The problem came from a glitch with Hubble’s payload computer, which controls and coordinates the observatory’s onboard science instruments. The computer problem automatically placed Hubble’s science instruments into safe mode, and initial work-arounds failed to create a lasting solution.
That’s when Hubble alumni were called upon to bring their decades of expertise with Hubble. NASA said that retired staff who helped build the telescope provided critical expertise for determining what needed to be done to recover access to the computer. Other former team members scoured through Hubble’s original paperwork, surfacing 30- to 40-year-old documents that helped the team chart a path forward.
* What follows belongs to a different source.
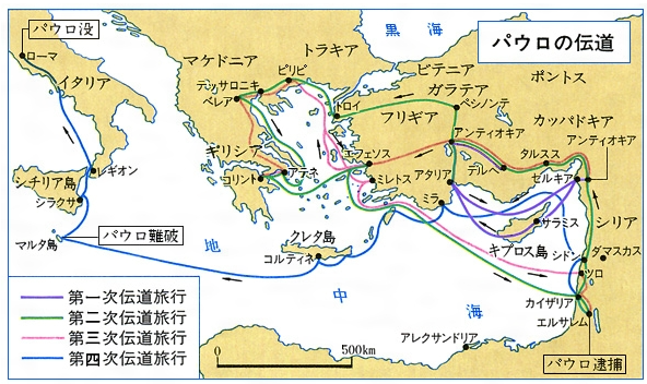 ☆年譜| 5年頃 ローマ属州キリキア州都タルソスにて、ユダヤ教ファリサイ派の家庭に誕生する。 18~30年頃 エルサレムのラビ・ガマリエル1世の元で学ぶ。 30~34年頃 キリスト教徒を激しく迫害する。 32年頃 最初のキリスト教殉教者ステファノの石打ちに立ち会う。 34年頃 ダマスコに向かう途中、降臨したイエスと会いキリスト教へ回心する。 34~36年 アラビア・エルサレム・ダマスコを巡る。 36年頃 聖バルナバの助けでエルサレムへ行き、ペトロやヤコブなどの使徒と会う。 36~44年 身の安全のため、故郷タルソスで暮らしながら説教する。 44~46年 バルナバとともにアンティオキアを拠点として布教活動を行なう。 46年頃 ユダヤで飢饉が起こり、バルナバとともにエルサレムへ救援物資を届ける。 46~48年 第1回宣教旅行として、キプロス島~小アジア南部(南ガラテア)方面を回る。 48年 使徒会議のため、エルサレムへ(エルサレム会議)。異邦人の割礼問題を解決する。 49年 アンティオキアにて、ユダヤの規律に関して使徒ペトロと衝突する。 49年 次の旅へのヨハネ・マルコの同伴を拒み、バルナバと衝突し仲違いする。 49~52年 第2次伝道旅行として、小アジア・マケドニア・ギリシア方面を回る。 50年頃 ルステラでテモテを弟子にし、旅に同行させる。 50年頃 港町トロアスで出会った医師ルカも旅に同行する。船でマケドニアへ。 50年頃 マケドニアのフィリピにてシラスとともに鞭打ちにされ投獄されるが、その晩に扉が開き解放される。テサロニケ、ベレアへと旅を続ける。ベレアにシラスとテモテを残し、アテネ・コリントへ。 50~51年 「テサロニケ人への手紙(第一、第二」」を執筆する。 51~52年 18ヶ月間、テント職人として働きながらコリントに滞在する。コリントにてシラス・テモテと合流する。 53年頃 エフェソへ。そこから海路でカイセリアとエルサレムを経由し、アンティオキアへ帰郷する。 53~58年 第3回宣教旅行として、小アジア・マケドニア・ギリシャを回る。 54~55年 宣教しながらテント職人として働き、2年間エフェソに滞在する。「コリントへの手紙」「ガラティア人への手紙」4通を執筆する。 56年 マケドニア、ギリシャ、エーゲ海の島々と沿岸地域を巡る。 57年 エルサレムに到着する。敵対するユダヤ人たちと暴動を起こし逮捕される。 58~59年 カイザリアに幽閉される。 59~60年 皇帝(カエサル)に上告するためローマへと護送されるも、マルタで船が難破する。 60~62年 ローマで自宅に軟禁される。「フィリピ人への手紙」「エフェソの信徒への手紙」「コロサイの信徒への手紙」「フィレモンへの手紙」を執筆する。 62~64年 ネロ帝により釈放され、スペイン方面への宣教を行なう。「テモテへの手紙」「ティトゥスへの手紙」を執筆する。 64年 ローマの大火が発生する。キリスト教徒大迫害が行なわれ、投獄される。 64~67年 ローマで殉教する。 出典:https://x.gd/ebWam |

“That’s one of the benefits of a program that’s been running for over 30 years: the incredible amount of experience and expertise,” said Nzinga Tull, Hubble systems anomaly response manager at Goddard, in a statement. “It’s been humbling and inspiring to engage with both the current team and those who have moved on to other projects. There’s so much dedication to their fellow Hubble teammates, the observatory, and the science Hubble is famous for.”
Together, the old and new team members worked their way through various potential problems, and eventually methodically identified the cause, a problem with the Science Instrument and Command & Data Handling unit, where the payload computer resides. The decision was made to switch to the backup side of the Science Instrument and Command & Data Handling unit, and then a plan was developed. Over 50 experts reviewed the process before engineers engaged in 15 straight hours of commanding from the ground, which included safely turning off the main computer and then using a backup computer on the telescope.
Nzinga Tull, Hubble systems anomaly response manager at NASA’s Goddard Space Flight Center in Greenbelt, Maryland, works in the control room July 15 to restore Hubble to full science operations.
Credits: NASA GSFC/Rebecca Roth
“Several boxes also had to be powered on that were never turned on before in space, and other hardware needed their interfaces switched,” said Jim Jeletic, Hubble deputy project manager at Goddard. “There was no reason to believe that all of this wouldn’t work, but it’s the team’s job to be nervous and think of everything that could go wrong and how we might compensate for it. The team meticulously planned and tested every small step on the ground to make sure they got it right.” On July 15, the team determined the switch was successful. The science instruments were then successfully turned back on, with Hubble taking scientific data once again on July 17.
NASA said that most observations missed while science operations were suspended will be rescheduled, so look for more data and images to come from the most famous space telescope.